## TASK DETAILS
Once the pictures are set aside, transcribe the remaining data exactly.
--- PROVIDED MATERIAL Enclosed Below ---
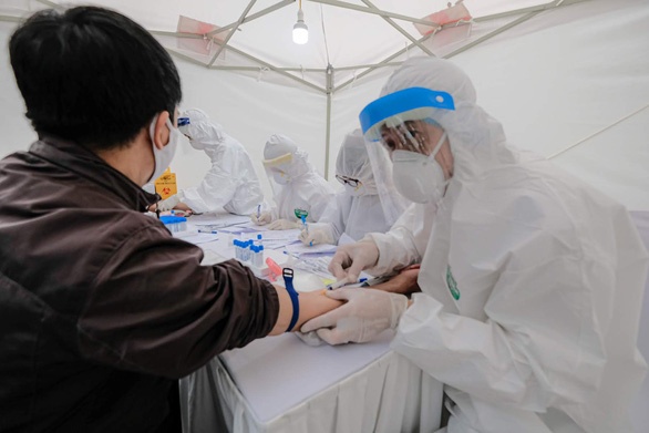 Xét nghiệm nhanh virus SARS-CoV-2 ở Hà Nội. Với xét nghiệm trích máu này, người dân sẽ nhận được kết quả chỉ sau 10 phút – Ảnh: NAM TRẦN
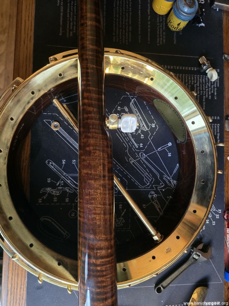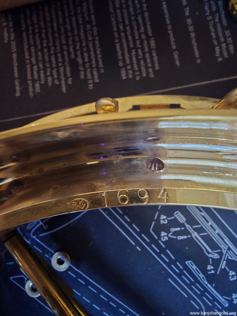 With the exception of new Gotoh tuners (the originals were just... awful...), this banjo is completely original (with the exception being a bridge and head once I tore it down and set it up from scratch). See photos attached as the rim, tone ring, and flange all bear correct markings. The neck even has stamps in the heel on when it was made, which I had never seen before.
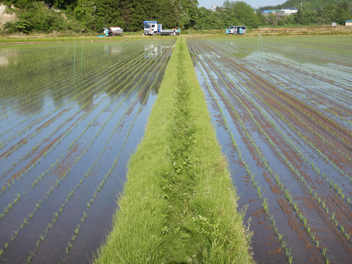 1ha圃場の田植え作業も2時間で無事終了した。今後は、ドローンと衛星を用いたセンシングによる生育状況の比較検証も行う予定である。今年こそは何ごともなく、収穫作業まで終えられることを期待したい。(みんなの農業広場事務局)
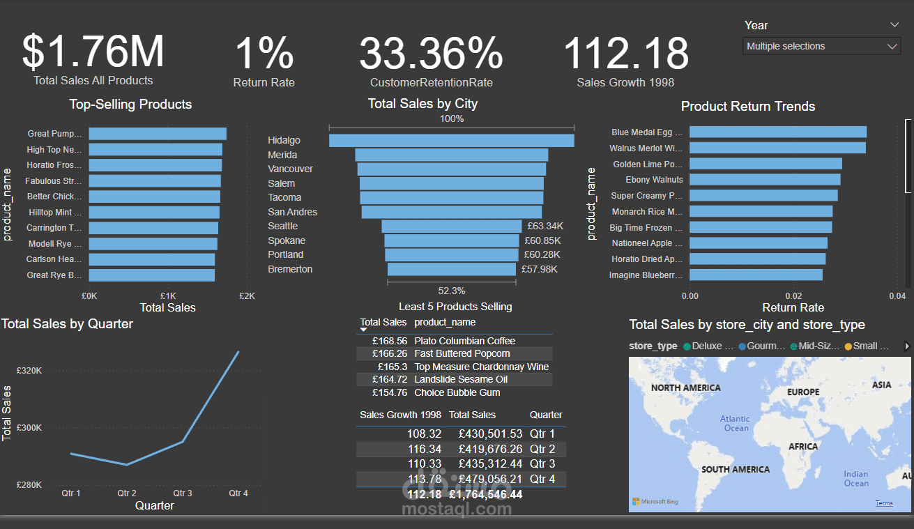 This Power BI dashboard provides a comprehensive analysis of sales performance across different regions, products, and time periods, helping businesses track sales trends, customer retention, and product returns.
--- End of Enclosed PROVIDED MATERIAL ---
## RESULT BELOW
 Xét nghiệm nhanh virus SARS-CoV-2 ở Hà Nội. Với xét nghiệm trích máu này, người dân sẽ nhận được kết quả chỉ sau 10 phút – Ảnh: NAM TRẦN
 With the exception of new Gotoh tuners (the originals were just... awful...), this banjo is completely original (with the exception being a bridge and head once I tore it down and set it up from scratch). See photos attached as the rim, tone ring, and flange all bear correct markings. The neck even has stamps in the heel on when it was made, which I had never seen before.
 1ha圃場の田植え作業も2時間で無事終了した。今後は、ドローンと衛星を用いたセンシングによる生育状況の比較検証も行う予定である。今年こそは何ごともなく、収穫作業まで終えられることを期待したい。(みんなの農業広場事務局)
 This Power BI dashboard provides a comprehensive analysis of sales performance across different regions, products, and time periods, helping businesses track sales trends, customer retention, and product returns.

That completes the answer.